Textcorpus und Worterbuch: Aspekte zur agyptischen Lexikographie.

AuthorDepuydt, Leo
PositionReview

Textcorpus und Worterbuch: Aspekte zur agyptischen Lexikographie. Edited by STEFAN GRUNERT and INOELORE HAFEMANN. Probleme der Agyptologie, vol. 14. Leiden: E. J. BRILL, 1999. Pp. xlv + 406. HR 165, $97.50.

These are the twenty-seven papers presented at a conference held in September 1997 in Berlin on the occasion of the new beginning (from 1994 onward) of organized team-work on Old, Middle, and Late Egyptian vocabulary at the Berlin-Brandenburg Academy. A committee appointed by the Academy supervises the project. Several reports on similar efforts taking place elsewhere are also included. There was reason for celebration in 1997. In 1897, work began at Berlin on the Egyptian Dictionary, known to Egyptologists simply and affectionately as the Worterbuch. The dictionary took decades to complete, under the editorship of the eminent Berlin Egyptologists A. Erman and H. Grapow, helped by dozens of scholars from many countries. Some of the papers here are reminiscences on the lexicographical work done in Berlin during the second half of the last century. W. Westendorf describes the situtation from the end of World War II to the completion of the Worterbuch in 1953. W. F Reineke chronicles subsequent efforts in East Berlin, aiming at a second edition of the dictionary. It is good to have these accounts from key Witnesses.

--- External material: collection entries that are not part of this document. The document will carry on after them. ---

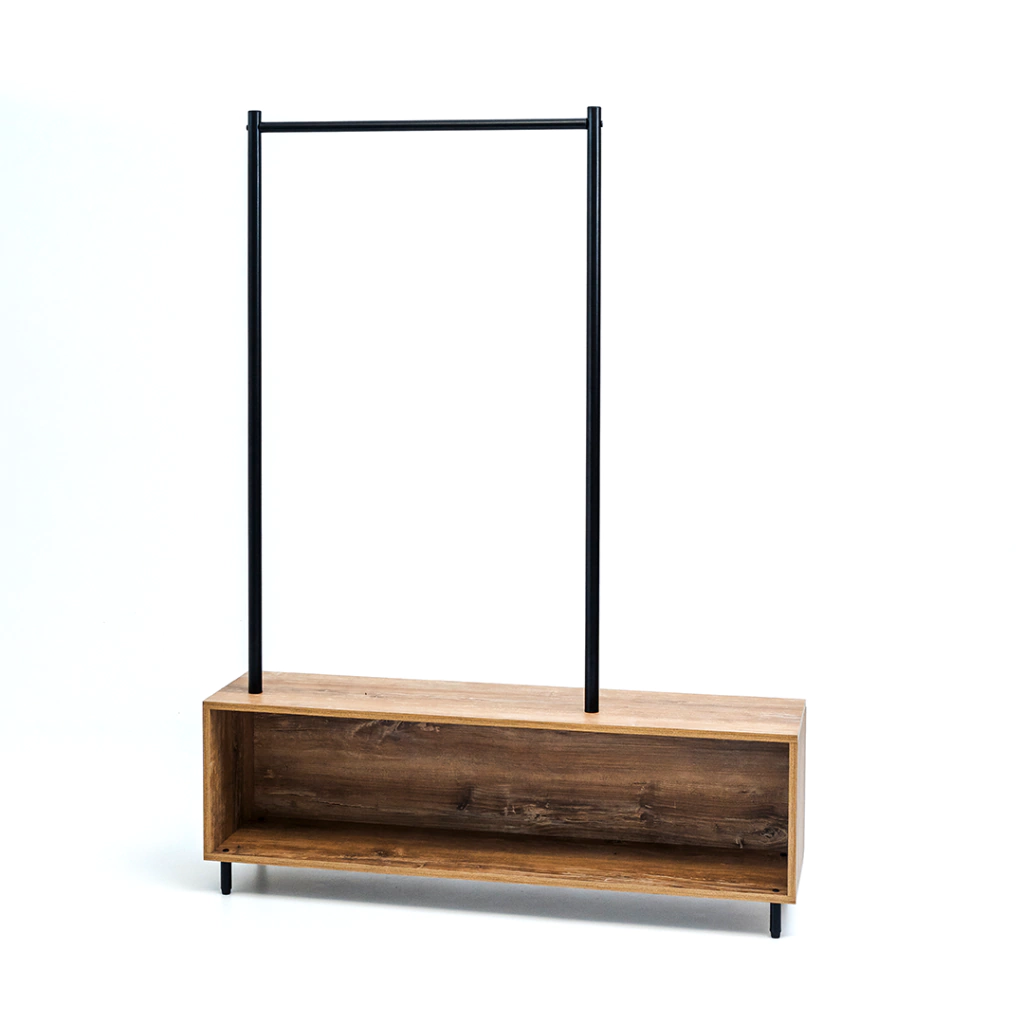 El perchero M01 combina líneas simples y materiales resistentes en un diseño versátil que se adapta a cualquier espacio. Cuenta con una barra superior para colgar tus prendas favoritas y una base inferior amplia ideal para guardar calzado, bolsos o cajas de organización.
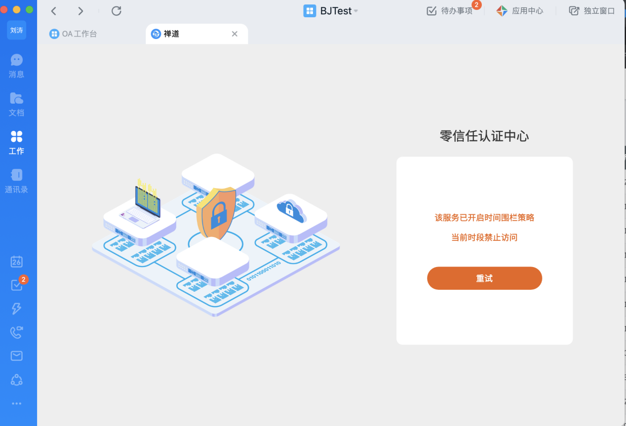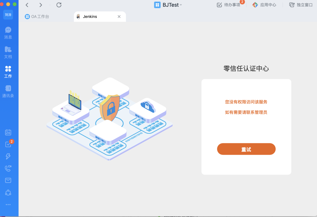 用户登录钉钉工作台,看到的下面两个应用即为受零信任保护的私有部署Web应用:
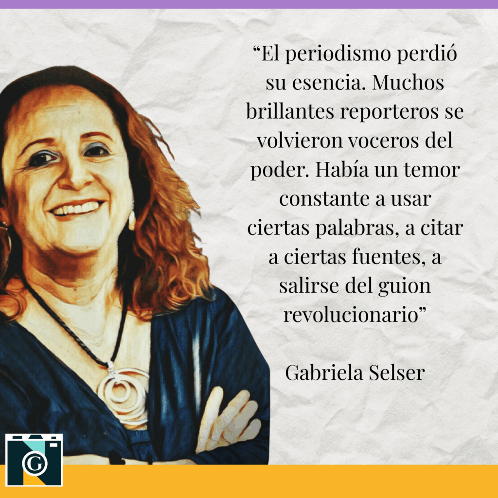 La periodista Gabriela Selser, hoy desde el exilio, recuerda que una vez le dijeron que no podía estar ahí. Que no podía escribir lo que había escuchado, ni guardar lo que había grabado, ni siquiera conservar los lapiceros con los que había tomado notas.
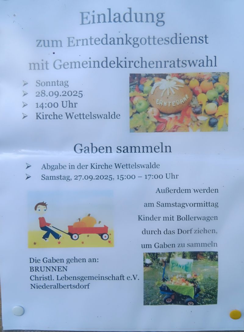23.09.2025 | ![]() Möglichkeiten zum Erntefest zu spenden (allerdings nur info von Wettelswalde warum nicht Thonhausen ?) |
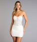 Flirty yet refined. the Elara strapless mini dress stuns with a lace corset bodice and ruched skirt that contours every curve. Sparkling embellishments add the perfect touch of glam for nights that call for unforgettable style.

The reunification of Germany infused new life into the dictionary project. A founding conference was held in Berlin in September 1992. Even if the aforementioned committee ostensibly serves the purpose of "re-editing" the Worterbuch, and even if much disagreement exists among those involved on just about every aspect of the project, all agree that producing a new Egyptian dictionary is not feasible within the next few decades. There is even a sense that producing a new dictionary does not need to be the aim of the Berlin project. The Internet may have changed forever the nature of large-scale lexicographical efforts--in ways that often defy prognosis. At the heart of a traditional Egyptian dictionary lie myriads of tiny discrete judgments about countless passages of Egyptian literature by philologically discerning minds. Students of Egyptian know how much time can go into discussing a single word in a single passage. The fact that hieroglyphic writing only imperfectly represents the Egyptian language account s for much of the difficulty. But the emphasis of the present dictionary project is not, in the first place, on...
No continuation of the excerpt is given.